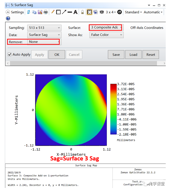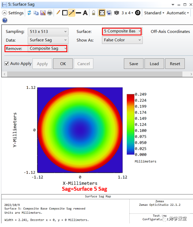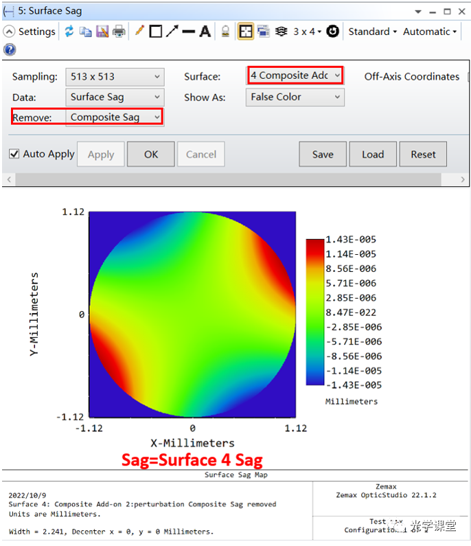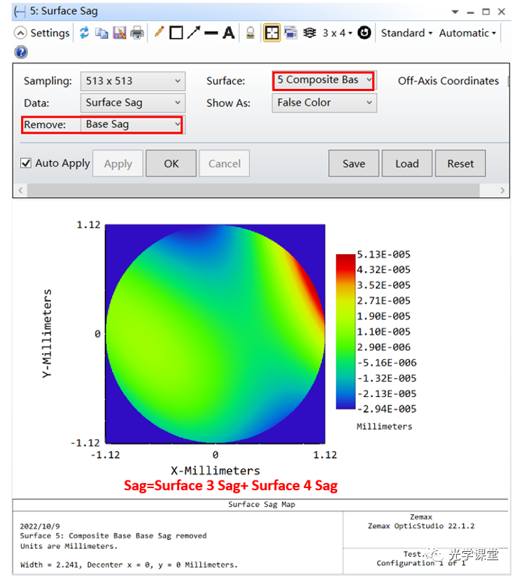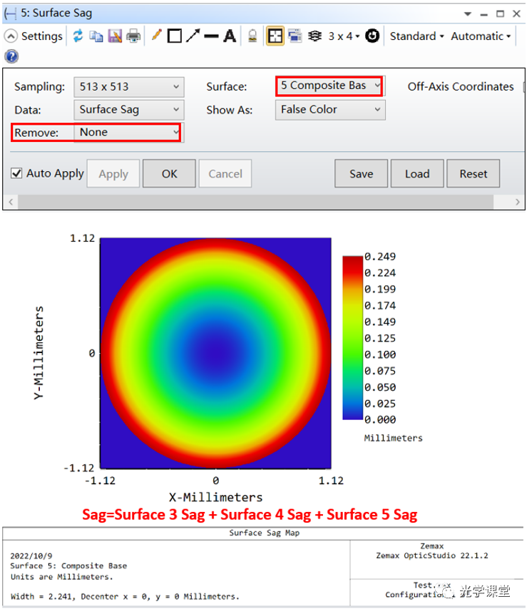 如果想查看单独的矢高,需要选中 “Remove Composite Sag”,或 “Remove Base Sag“
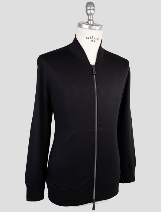 Kiton KNT Black Viscose Full Zip Sweater - Made in Italy
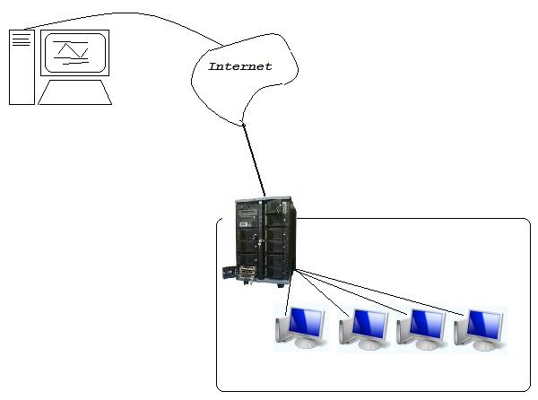 Expected scheme of connections. Lower right corner client boxes(1), in the middle office proxy (2), left upper corner additional pc (3) that will be used to jailbreak your office connection. (3) should have access to these restriced resources Setup on (3) is running sshd at any ip-port, opened for http requests at (2). Well-known are 80 (http), 443 (https), 8080, etc. If (3) Unix/Linux, just sshd -p <порт>, if Windows, I'd recomment installing Cygwin My recomendation: use port 443, as this will make your connections inoffensive. (3) can be your home pc, just make sure you allways now it's address (try using dyndns service). |
+ + + + +
= Work request =
Copy exactly, and copy nothing else: the lines from the start of the data above through the line that holds "Kiton KNT Black". The pictures stay out.

= Task result =
 如果想查看单独的矢高,需要选中 “Remove Composite Sag”,或 “Remove Base Sag“
 Kiton KNT Black Viscose Full Zip Sweater - Made in Italy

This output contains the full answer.